Она поставила на стол бутыль туалетной воды, упакованную в малахитового цвета коробку.

– Да что ты, спасибо…

– Поздравляю с днем рожденья, желаю, чтобы ты всегда был… – она судорожно задумалась, что бы ей пожелать, избегая банальностей, но не удержалась и ляпнула: – Таким же здоровым, веселым и удачливым.

«Вот дура!» – подумала она про себя. Гордеев, однако, был, видимо, рад, что Ира помнит о его празднике.

– Ты сегодня первая, кто меня поздравил.

– Почему? – Ирина сокрушенно подняла брови.

– Кажется, они все позабыли. Впрочем, это и неудивительно. Я здесь все-таки не совсем свой. Обо мне обычно вспоминают, когда проштрафятся перед государством или хотят кого-нибудь незаметно обжулить. Я, так сказать, не в штате. Как индивидуальность я мало кого волную. Хочешь конфет?

Он вынул упаковку дорогих конфет, еще не тронутую, и снял с нее целлофановое покрытие. Ирина засунула в рот конфету и принялась рассказывать про свои успехи. Гордеев слушал, как казалось, внимательно, все больше улыбался и кстати кивал, но Ирине показалось (и это не вызвало в ней негодования), что он больше улыбается и кивает факту того, что она, молодая, цветущая, сидит сейчас перед ним, закинув ногу на ногу, и тараторит о чем-то своем. Рассказ получался довольно долгий, а она видела, что на столе у Гордеева невпроворот всякой документации, поэтому закончила неожиданно фразой:

– Так что теперь я богата.

И встала. Он тоже встал.

– Ну что ж, поздравляю. Теперь, я думаю, ты поднимешься еще выше и перестанешь подавать мне руку.

Ирина засмеялась:

– Посмотрим, посмотрим, не уверена, что не возгоржусь.

Вежливо посмеявшись, они расстались.

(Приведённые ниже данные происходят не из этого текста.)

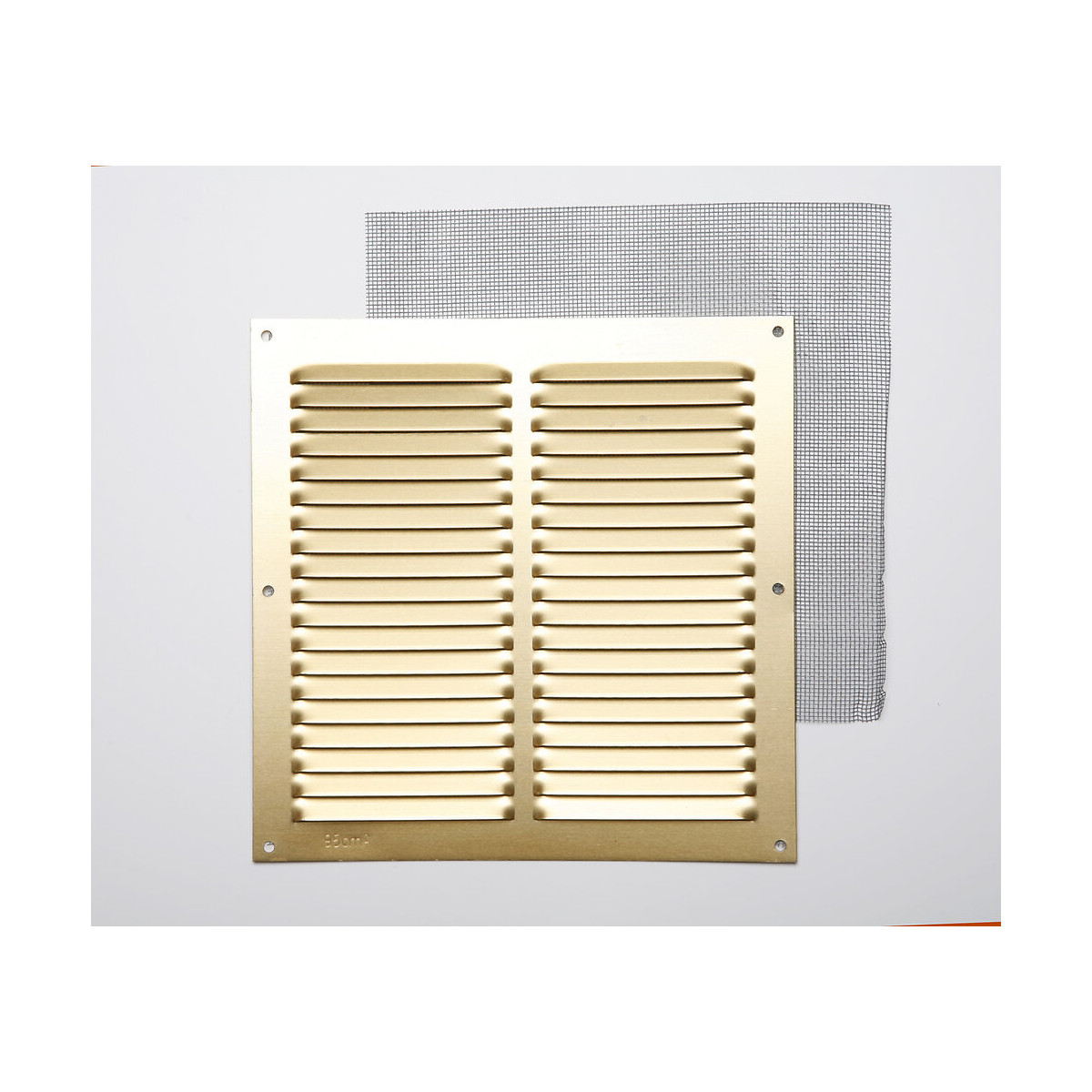 Grille d'aération aluminium or à visser avec moustiquaire. Dimensions : 20 x 20cm - Passage d'air 95cm2

Гордеев сел к столу, Ирина выпорхнула из кабинета и ускоренной походкой, хотя никуда торопиться было не надо, двинулась к своему месту. Там ее ждал первый посетитель – подруга и сослуживец Маша Ободовская. Ободовская, натура разносторонне и богато одаренная, поступила в «Эрикссон» вместе с Ириной, но из-за скверного характера не сумела сделать столь блестящего зачина в карьере. Она два дня тому назад вернулась из командировки в Женеву и теперь по неясным для коллег причинам находилась в состоянии горестного изнеможения.

– Ну, как дела? – разбитым голосом спросила Ободовская.

Ирина повторила машинально звук поцелуя.

– Так я и думала. А у меня полная финансовая задница. Ты знаешь, что такое финансовая задница? Это когда ты потратил с корпоративной карточки шестьсот баксов и не знаешь, как отчитываться.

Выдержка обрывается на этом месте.